To overcome this and other drawbacks of the MOL, the authors have recently proposed a method [18] that first discretizes the heat equation in time using implicit discretization scheme. The discretized PDE is a sequence of second order ODEs which, together with the boundary conditions, forms a sequence of two-point boundary value problems (TPBVPs). Using the initial condition, we can solve the first TPBVP from the sequence and get an approximation of the temperature u(xt) at the first time level \(t=t_1\). Then, using the obtained solution, we can solve the second TPBVP, and so on, getting approximations of the temperature at each time level \(t=t_1,t_2,\dots \) For the solution of the TPBVPs, we employ the finite difference method (FDM) with Newton iteration. An important feature of the proposed method is that it is unconditionally stable. The technique was applied successfully for solving nonlinear heat and mass transfer problems [18]–[19]. Originally, the method was developed for Dirichlet boundary conditions. These boundary conditions are linear and time-independent. However, many important physical situations require the application of time-dependent or even nonlinear time-dependent boundary conditions. This paper extends the proposed method to incorporate such boundary conditions. To motivate their use, we propose a simple physical model that naturally gives rise to the so called relaxing boundary conditions. They have been introduced first for certain diffusion processes [20] but, as shown in this work, can be applied successfully in certain heat transfer problems. Roughly speaking, a relaxing boundary condition is a time-dependent condition that approaches continuously, as time increases, a certain time-independent condition. The relaxing boundary condition can be a Dirichlet type, which is linear, but also a Neumann or a Robin type, which, given the nonlinear nature of the considered process, lead to nonlinear time-dependent conditions at the boundary.

Fig. 1.
figure 1

Physical system

2 Physical System and Mathematical Model

This section presents a continuous mathematical model of a simple physical system that gives rise to one dimensional nonlinear heat transfer with relaxing boundary condition.
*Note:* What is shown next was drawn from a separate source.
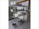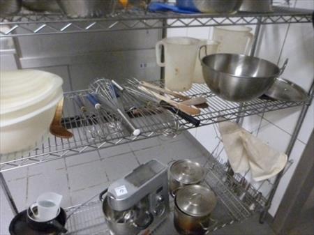 Etagère Dimensions : 152 cm x 46 cm x 185 cm Démontable Contenu ; 1 Robot Kenwood à réparer Ustensiles de cuisine; fouets, louches, casseroles, récipients divers, ...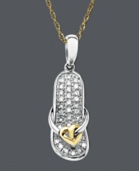 Perfect for the gal who loves fun in the sun. This clever pendant features a flip flop design crafted in sterling silver with a 14k gold heart accent. Sandal sole dusted in sparkling round-cut diamond. Approximate length: 18 inches. Approximate drop: 3/4 inch.

A silicon rod is situated along the x-axis between \(x=a\) and \(x=b\) (Fig. 1). The temperature in the silicon is denoted by u(xt). Because of the symmetry of the problem, the temperature in the rod is a function of one spatial variable only. We have chosen the substance silicon because its thermal conductivity depends on the temperature. The silicon rod is laterally insulated so that no energy, in any form, can be transferred through the lateral surface. At the point \(x=a\) the silicon rod is in thermal contact with a tank filled with liquid. Heat can flow freely through the contact surface in both directions. Apart from the thermal contact with the silicon, the tank is well insulated. The temperature in the tank is denoted by T(t). It is homogenous inside the tank. A possible exception could be a thin layer close to the silicon contact surface, where the temperature may not be equal to T(t). There are two pipes connected to the tank. Through one of them liquid at temperature \(T_r\) is being pumped into the tank at a constant volume flow rate. Through the other pipe liquid at temperature T(t) is going out of the tank at the same volume flow rate. We assume that the liquid in the tank is well stirred throughout the process so that the incoming liquid is mixed with the liquid inside the tank fast enough. We also assume that the density and heat capacity do not depend on the temperature. How to find the function T(t) and how to use it to set the boundary condition at \(x=a\) will be shown in the next section. In this section we will derive the heat equation for the silicon rod and set the other necessary conditions.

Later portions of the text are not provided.